Но с помощью вычислительных методов и программирования решить проблему фолдинга смогли ­все-таки только DeepMind/Google с командой разработчиков, нейросетью и многомиллиардными бюджетами. Именно поэтому над полноценным ПО, которое позволило бы разрабатывать новые белки, не имеющие аналогов в природе, сейчас работают та самая DeepMind и, внезапно, Meta (бывший Facebook; компания, признанная в России экстремистской организацией).

Теоретически есть еще надежда на крупные высокотехнологичные компании, создающие собственное проприетарное ПО для исследований и разработок (например, Merck разработала программный комплекс Syntropy для управления биомедицинскими данными и моделирования и теперь продает его компаниям, работающим в области медицины и химии).

Но в России с такими компаниями напряженка — и более того, министерство цифрового развития решило запретить крупным государственным компаниям разрабатывать собственные ПО, чтобы не плодить двой­ное финансирование одних и тех же разработок.

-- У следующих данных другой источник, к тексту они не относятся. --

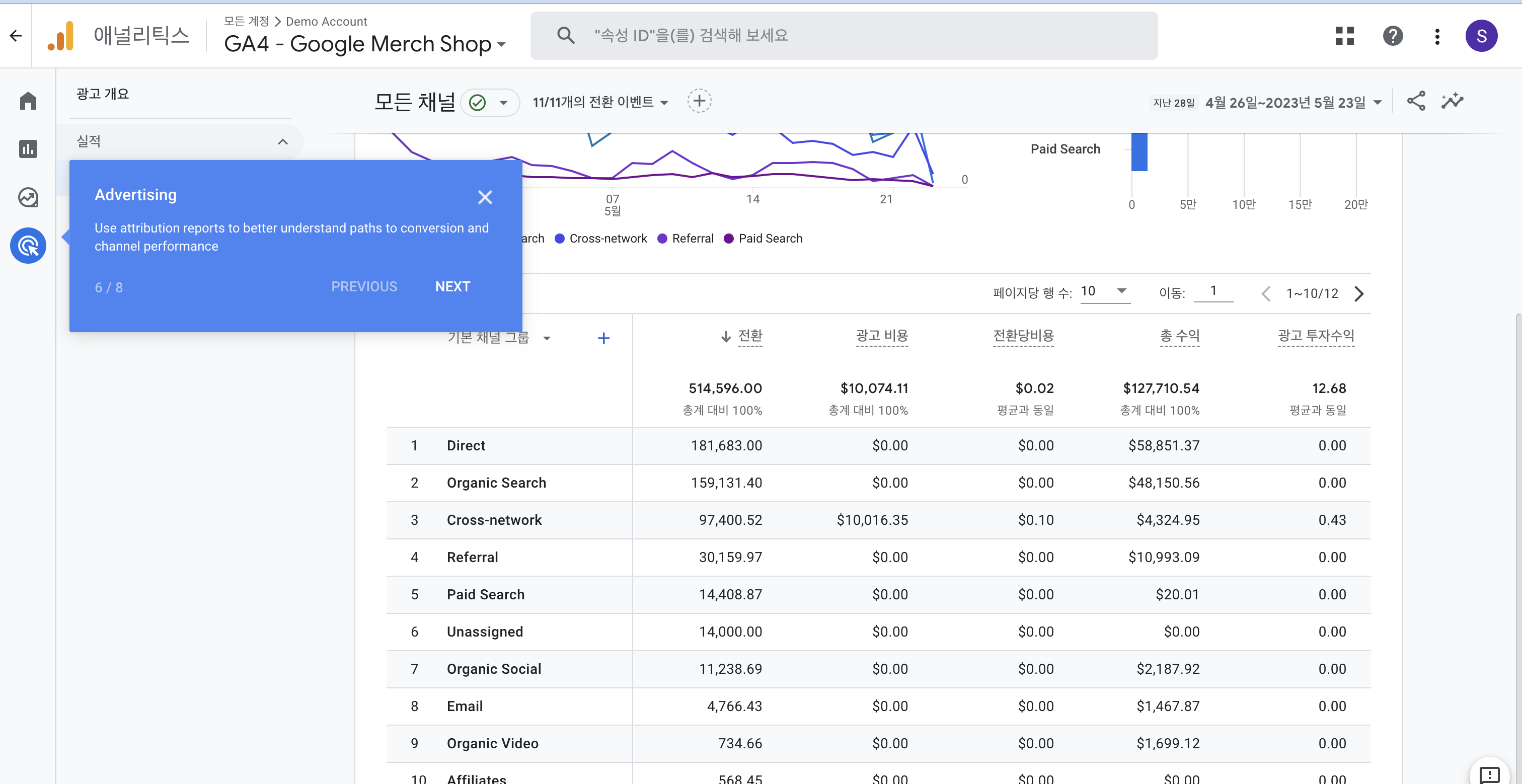광고 탭에서는 관심을 가질 수 밖에 없는 전환(conversion), 채널별 퍼포먼스에 대한 분석이 가능하다.
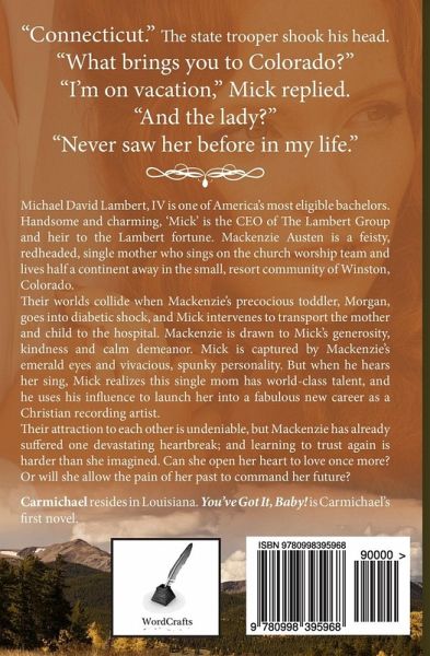 "Connecticut." The state trooper shook his head. "What brings you to Colorado?" "I'm on vacation," Mick replied. "And the lady?" "Never saw her before in my life." Michael David Lambert, IV is one of America's most eligible bachelors. Handsome and charming, 'Mick' is the CEO of The Lambert Group and heir to the Lambert fortune. Mackenzie Austen is a feisty, redheaded, single mother who sings on the church worship team and lives half a continent away in the small, resort community of Winston, Colorado. Their worlds collide when Mackenzie's precocious toddler, Morgan, goes into diabetic shock, and Mick intervenes to transport the mother and child to the hospital. Mackenzie is drawn to Mick's generosity, kindness and calm demeanor. Mick is captured by Mackenzie's emerald eyes and vivacious, spunky personality. But when he hears her sing, Mick realizes this single mom has world-class talent, and he uses his influence to launch her into a fabulous new career as a Christian recording artist. Their attraction to each other is undeniable, but Mackenzie has already suffered one devastating heartbreak; and learning to trust again is harder than she imagined. Can she open her heart to love once more? Or will she allow the pain of her past to command her future?
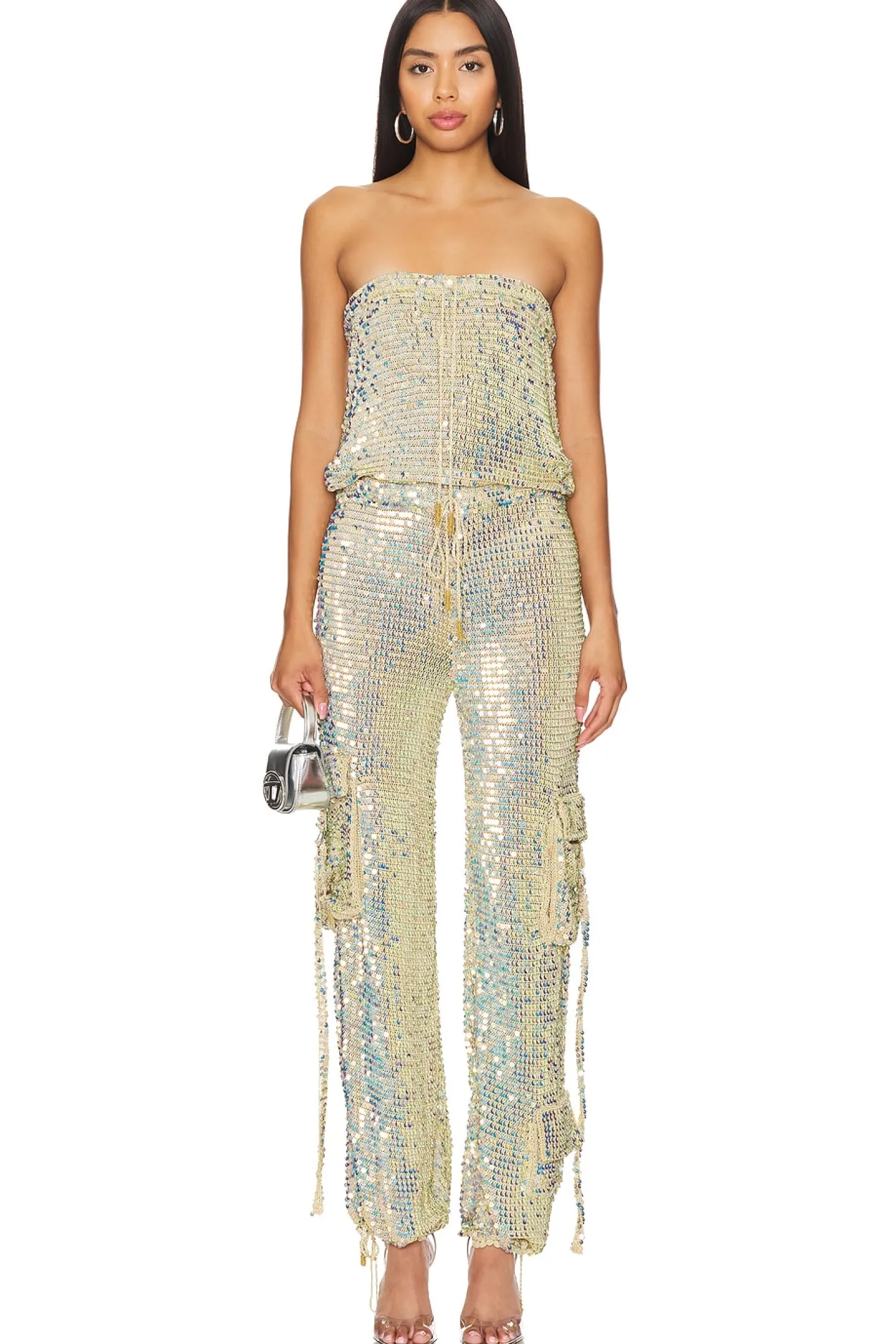 100% viscose.Made in India.Dry clean only.Neckline drawstring closure.Waist drawstring closure.Three cargo flap pockets.Sequined fabric.Neckline to hem measures approx 54" in length 20" at the knee and 20" at the leg opening

Вот несколько вопросов, связанных с исследовательскими данными:

  • авторские права на данные и обращение с ними (например, роялти для исследователей, получивших данные, за повторное использование этих данных; или право ученых решать, кто может и кто не может использовать данные их исследований);
  • ресурсы на размещение данных в репозиториях (оформление по правилам; физическая загрузка и пр. — кто должен этим заниматься и на какие деньги?);
  • безопасность данных (как показывают регулярные утечки данных пользователей — в Яндексе, CDEK и пр. — и мизерные штрафы за подобную халатность, не то чтобы в России это ­кого-то реально волновало; но речь идет о критических технологиях и, местами, национальной безопасности);
  • аккредитация и аутентификация пользователей для доступа к исследовательским данным;
  • междисциплинарные перетоки данных (из одного стандарта в другой); переток данных НИОКР / исследовательских организаций в промышленность и, шире, реальный сектор (китайские коллеги пробуют выстроить этот процесс за счет размещения исследователей и промышленных компаний на единой платформе CSTCloud, но есть ли там реальный переток данных и цифровых моделей, пока не понятно).

И наконец, еще один животрепещущий вопрос -деньги: кто и из каких бюджетов должен оплачивать поддержку проприетарного ПО и, скажем, подписку на облачные мощности, когда у исследовательской команды/лаборатории/института заканчивается грант, на средства которого это ПО было закуплено?

(Справедливости ради: это не только российская проблема; в США на ее решение дают деньги, страшно сказать, благотворительные организации: Фонд Альфреда Слоуна, Chan Zuckerberg Initiative и пр.)

Впрочем, можно утешаться тем, что до обсуждения всех этих вопросов и проблем нам, похоже, еще очень далеко.